→ **Exercise prompt**
All of the data goes into your copy exactly as written. Images do not.

→ **Data segment**
- - - - - - -

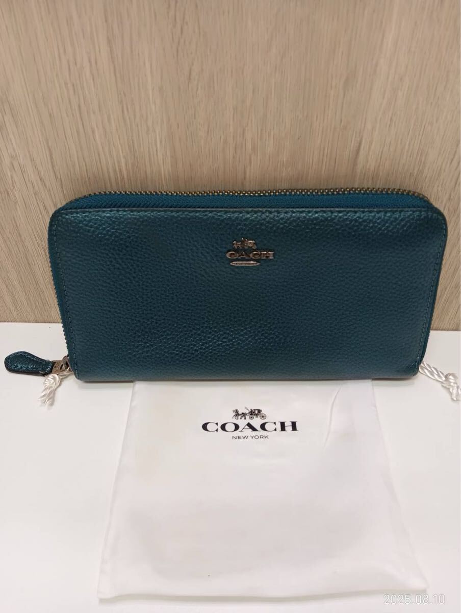- 【中古品】 COACH コーチ グリーン ダークブルー レザー 長財布 ラウンドファスナー レザー 現状品
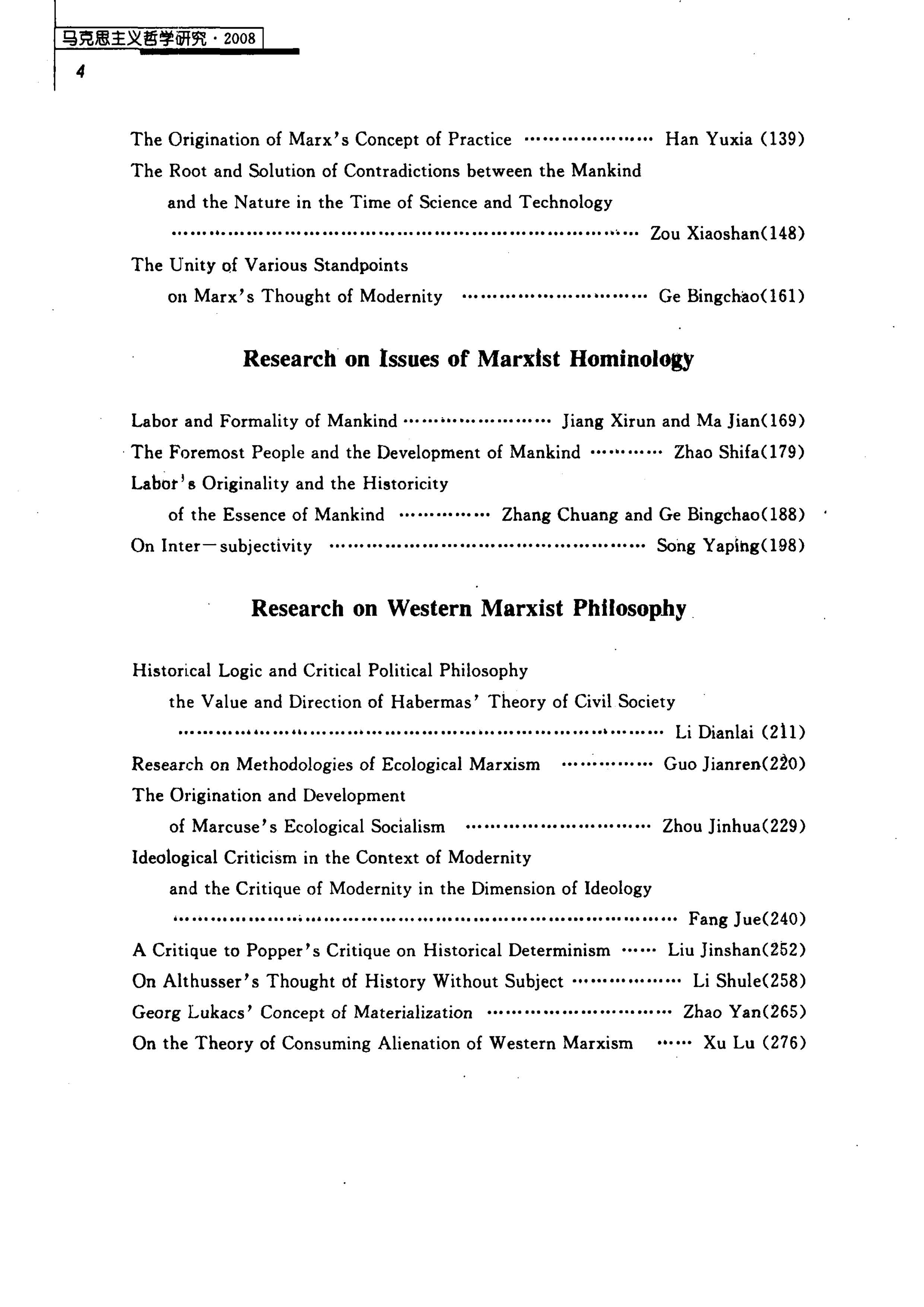 《马克思主义哲学研究》(2008年)
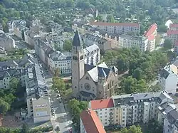 Wahrzeichen des Stadtteils ist die Markuskirche, die von 1910 bis 1913 erbaut wurde. Es handelt sich um einen neobyzantinischen Bau, der von Architekt Heinrich Adam entworfen und unter der Leitung des Stadtbaurats Wilhelm Goette ausgeführt wurde. Im Zweiten Weltkrieg wurde die Kirche durch einen Bombenangriff beschädigt und in den Nachkriegsjahren nach und nach wieder instand gesetzt. 1965 bis 1967 wurde der Kirchsaal auf Höhe der Emporen geteilt und es entstanden ein oberer und ein unterer Kirchsaal und verschiedene Gemeinderäume. 2003 wurde der obere Saal renoviert, wobei die alte Malerei von 1913 wieder freigelegt wurde.

- - - - - - -

→ **Result for this exercise**
- 【中古品】 COACH コーチ グリーン ダークブルー レザー 長財布 ラウンドファスナー レザー 現状品
 《马克思主义哲学研究》(2008年)
 Wahrzeichen des Stadtteils ist die Markuskirche, die von 1910 bis 1913 erbaut wurde. Es handelt sich um einen neobyzantinischen Bau, der von Architekt Heinrich Adam entworfen und unter der Leitung des Stadtbaurats Wilhelm Goette ausgeführt wurde. Im Zweiten Weltkrieg wurde die Kirche durch einen Bombenangriff beschädigt und in den Nachkriegsjahren nach und nach wieder instand gesetzt. 1965 bis 1967 wurde der Kirchsaal auf Höhe der Emporen geteilt und es entstanden ein oberer und ein unterer Kirchsaal und verschiedene Gemeinderäume. 2003 wurde der obere Saal renoviert, wobei die alte Malerei von 1913 wieder freigelegt wurde.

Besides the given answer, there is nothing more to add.